What’s your limit?

I guess I could try to rationalize and say I’m just a little tipsy, a little buzzed. But that wouldn’t be completely honest. Right now, I am drunk.

Since May of 2009, the impaired driving laws in Ontario contain a provision that includes a warning zone between 0.05 and 0.08 blood alcohol percentage. If your BAC is in this warning zone you face some serious consequences, despite not having a BAC above the more recognized legal limit of 0.08.

A first-time offender who blows in the warning range has their licence suspended for three days and must pay a $150 “Administrative Monetary Penalty.” If you’re caught in the warning range a second time within five years, the punishment increases to a seven-day licence suspension, a mandatory alcohol education program and a $150 fine. A third infraction results in a 30-day licence suspension, another mandatory alcohol treatment program, a $150 fine, and you must have a ignition interlock installed on any car that you will drive for six months. This device prevents the car from being started without blowing into a built-in blood alcohol screening device with a pre-set limit of 0.02. This is all without blowing over the “legal” limit of 0.08.

What’s most worrisome is that these roadside licence suspensions cannot be appealed and stay on your record for ten years.

A person’s blood alcohol concentration can depend on a number of factors including fatigue, how much you have eaten (and how recently you’ve eaten it), how quickly you’ve drank and of course how big you are. I’m 25, 5’8” and 175 lbs.

All of this is to say that without actually measuring your BAC with a device that is similar to the ones that the police use, it’s almost impossible to predict what your BAC is, based on how drunk you feel.
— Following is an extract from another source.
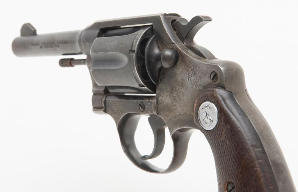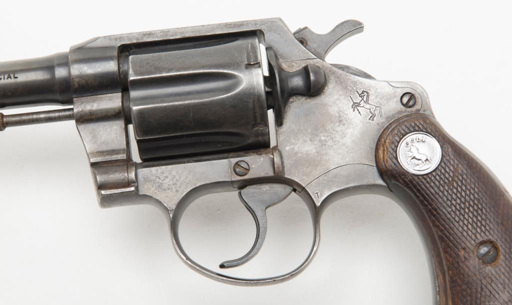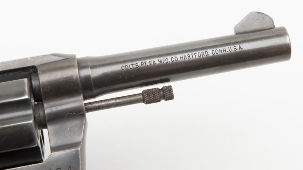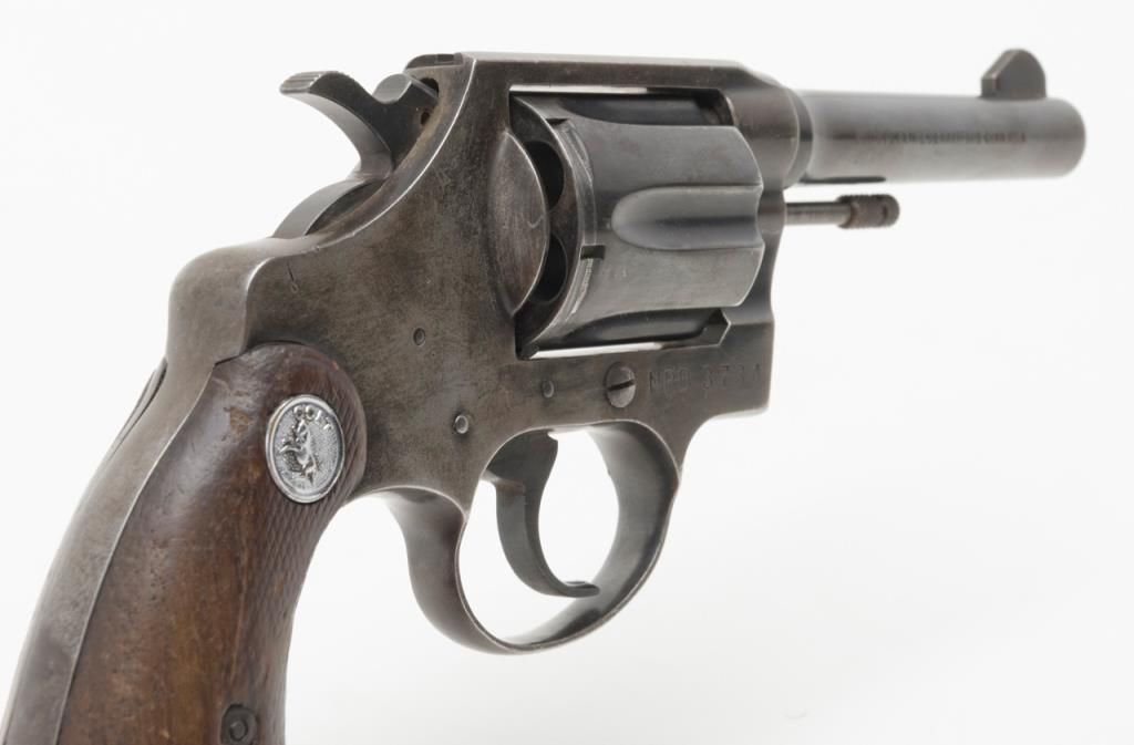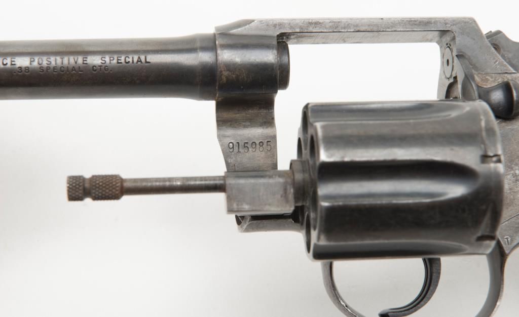 Colt Police Positive Special revolver, .38 Special caliber, Serial #915985. The pistol is in overall good condition with a 4” blued barrel. The barrel retains a significant amount of its muted blued finish with holster wear at themuzzle. The action shows the majority of its blued finish with loss of finish at the rear of the action. The frame is marked “NPD 3734”, which is purported to indicate issue to the NYPD. The checkered medallion grips are in fair conditionshowing significant wear, with flattening of the checkering, mars and a loss of wood at the toe of the grip. The bore is good, the action crisp and markings sharp on this pistol. (C+R). Est.: $300-$600.

To put this to the test, I ordered a breathalyzer online. It’s certified by the United States National Highway Traffic Safety Administration so its results can be trusted to be accurate. I had a big lunch today with some friends. We’ve got pork chops and potatoes in the oven and broccoli on the stove. I crack open a beer. Muskoka Craft Lager, 4.8% alcohol.
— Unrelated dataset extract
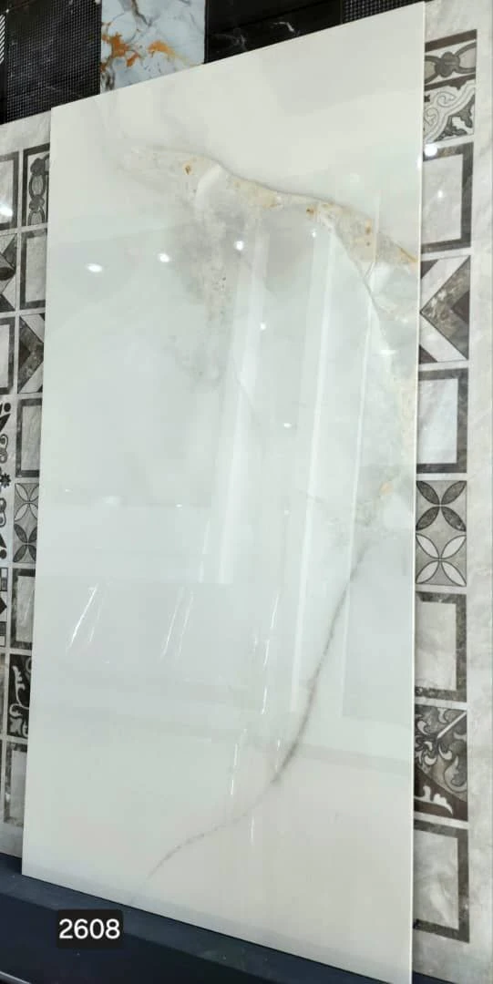 بورسلين رخامي أبيض بـعروق رمادية وذهبية موديل 2608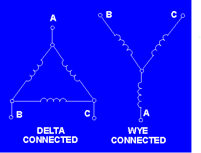 The three-phase alternator, as the name implies, has three single-phase windings spaced such that the voltage induced in any one phase is displaced by 120 from the other two. A schematic diagram of a three-phase stator showing all the coils becomes complex, and it is difficult to see what is actually happening. The simplified schematic of figure 3-8, view A, shows all the windings of each phase lumped together as one winding. The rotor is omitted for simplicity. The voltage waveforms generated across each phase are drawn on a graph, phase-displaced 120 from each other. The three-phase alternator as shown in this schematic is made up of three single-phase alternators whose generated voltages are out of phase by 120. The three phases are independent of each other. Figure 3-8. - Three-phase alternator connections. Rather than having six leads coming out of the three-phase alternator, the same leads from each phase may be connected together to form a wye (Y) connection, as shown in figure 3-8, view B. It is called a wye connection because, without the neutral, the windings appear as the letter Y, in this case sideways or upside down. The neutral connection is brought out to a terminal when a single-phase load must be supplied. Single-phase voltage is available from neutral to A, neutral to B, and neutral to C. In a three-phase, Y-connected alternator, the total voltage, or line voltage, across any two of the three line leads is the vector sum of the individual phase voltages. Each line voltage is 1.73 times one of the phase voltages. Because the windings form only one path for current flow between phases, the line and phase currents are the same (equal). A three-phase stator can also be connected so that the phases are connected end-to-end; it is now delta connected (fig. 3-8, view C). (Delta because it looks like the Greek letter delta, Δ.) In the delta connection, line voltages are equal to phase voltages, but each line current is equal to 1.73 times the phase current. Both the wye and the delta connections are used in alternators. The majority of all alternators in use in the Navy today are three-phase machines. They are much more efficient than either two-phase or single-phase alternators. Three-Phase Connections

Halfway through dinner I pop the top off my second beer. It’s only been 15 minutes since I opened the first one but I’m thirsty okay? Because I’ve been eating the taste of alcohol doesn’t seem to be overwhelming in my breath so I power up the breathalyzer. I’m not feeling buzzed or anything at this point, but I’d like to know where my BAC is.

An utterly disappointing 0.01%.

I go back to my dinner and before I know it I’ve downed beer number two, along with the rest of my meal. I clear the table, and try the breathalyzer again. I’m feeling a little bit warm, certainly more relaxed than I was when I got home. The breathalyzer powers up again. I blow 0.01% again. I’m pretty surprised so I try again. 0.02% Ha! So I try a third consecutive time: 0.01% again and the same on the fourth try.

I relent a little, and go make some coffee. I pour my coffee into a mug but not before filling it halfway with Bailey’s first. I finish two of these, have a glass of water and return to my breathalyzer. I’m feeling a serious buzz now. Two beers and about 8oz of Bailey’s in just under an hour is more than I’m used to drinking on a weeknight. I’m pretty lightheaded and I’m pretty sure I can hear my heartbeat.

As the breathalyzer powers up, I start guessing what my BAC will be. I figure somewhere between 0.05 and 0.08, right in that warning zone. I think about whether or not I would consider driving at this point, and I have no doubt about it. No way. Maybe in a couple of hours, but not now. After what feels like an eternity the breathalyzer is ready.

I blow into it four times in a row and get the same reading: 0.04% BAC. I can’t believe it. If all drivers were at this level of sobriety I think there would be as many cars in the ditch as on the road.